Images shot by portrait photographer Francis Goodman on the island of Capri in the summer of 1948 give intriguing glimpses of a long-lost British film starring Phyllis Calvert and Michael Rennie.

Josephine Botting
Updated:

Phyllis Calvert by the sea during the filming of Golden Madonna (1949)

Phyllis Calvert by the sea during the filming of Golden Madonna (1949)

The name of Francis Goodman is virtually unknown today but in the 1930s he was one of the most promising young photographers at work in London. With his work appearing in Vogue and Harper’s Bazaar, he became first choice for society portraits and debutantes’ balls. Despite this, he was apparently always penniless and was once reduced to living in a bathroom in Berkeley Square.

When Goodman died in 1989, his collection was donated to the National Portrait Gallery and to mark his centenary they have dipped into it to put together an exhibition of his work, which will be on show from 22 April. His portraits include such diverse figures such as Fernand Léger, Lucian Freud, Noël Coward, Douglas Fairbanks Jr, Anna May Wong, Ralph Richardson, Cecil Beaton, Margery Allingham and the royal family of Yugoslavia.

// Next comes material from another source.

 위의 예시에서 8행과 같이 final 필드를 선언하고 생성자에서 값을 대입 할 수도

Also among the collection was a large cache of photographs taken on location of the British film Golden Madonna, shot on the island of Capri in August 1948. The gallery contacted the BFI when they discovered it since the film appears on our ‘BFI Most Wanted’ list as a title we are keen to track down for preservation in the BFI National Archive. Although we haven’t yet managed to secure a print of the film, there have been reported sightings and we remain optimistic that it will come to light.

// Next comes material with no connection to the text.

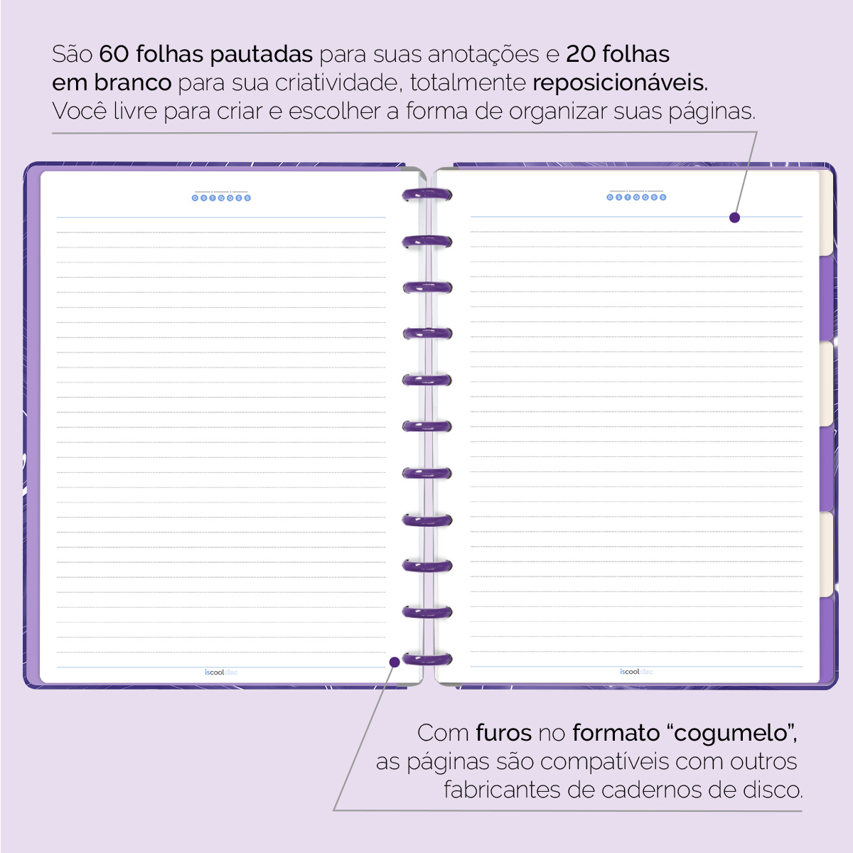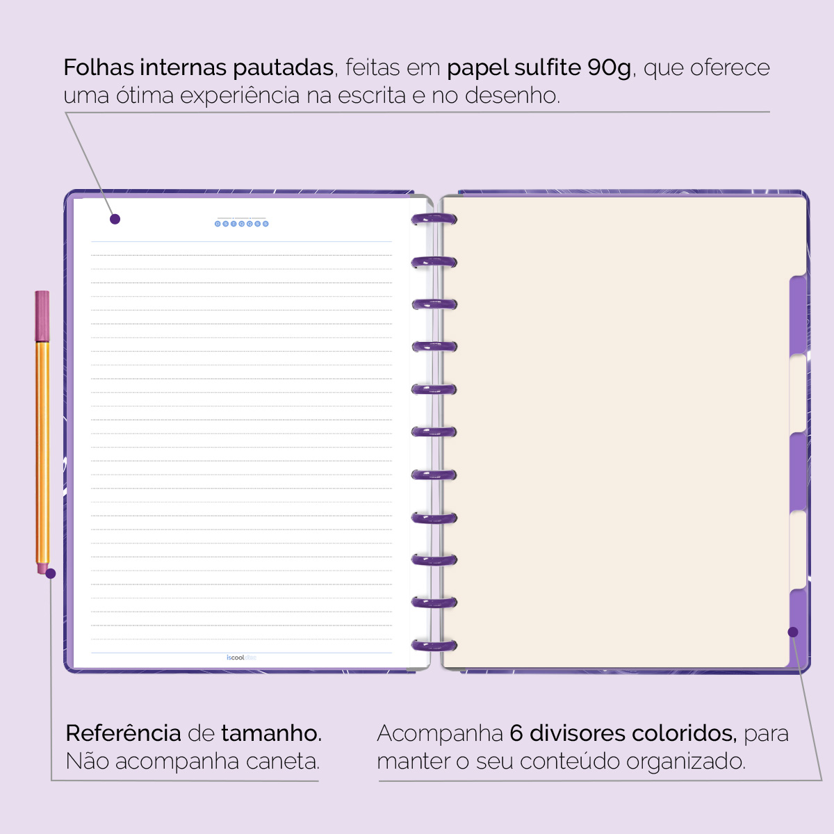A capa é dura com impressão digital de alta definição, acompanha 6 lindas divisórias que você pode colocar em qualquer local do caderno, funcionando como o guia perfeito para sua organização.

Goodman’s portraits tend to be quite dark and sombre, often exhibiting his imaginative and skilful use of backgrounds and props. But the images on the set of Golden Madonna show a lighter side, with shots of stars Phyllis Calvert and Michael Rennie rehearsing scenes, modelling costumes or just enjoying the Italian sunshine. Using a small, lightweight Rolleiflex camera, very popular in the 1940s and 50s, he was able to snap more informal moments.

Containing over 300 photos, this collection gives a wonderful insight to the making of the film, the atmosphere on set and the nature of ‘celebrity photography’ in the postwar period. Goodman’s remit was to capture the ‘stars at play’, and at least two of his images found their way into Picture Show magazine. Another photographer was present to take the more conventional ‘scene stills’, used as lobby cards and in pressbooks.

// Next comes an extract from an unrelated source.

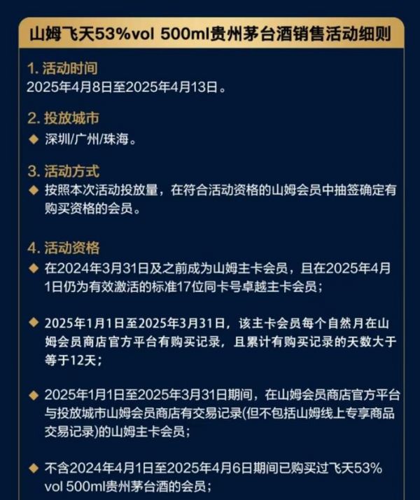 根据山姆4月的飞天茅台酒销售活动细则,需要满足会员卡等级、消费频次等多个维度才能获得参与活动资格。具体包括在2024年3月31日及之前成为山姆主卡会员,且在2025年4月1日仍为有效激活的标准17位同卡号卓越主卡会员;2025年1月1日至2025年3月31日,该主卡会员每个自然月在山姆会员商店官方平台有购买记录,且累计有购买记录的天数大于等于12天等等。

Calvert clearly got on well with this ‘flamboyant and unconventional’ character as he became a family friend, known affectionately by them as ‘Benny’. The collection contains a series of portraits of Calvert and her family which he took over two sittings in the early 1950s.

Although none of the Golden Madonna images has been selected for the Goodman exhibition, it promises to be a fantastic window onto the golden age of portrait photography and a fine tribute to a talented and fascinating individual.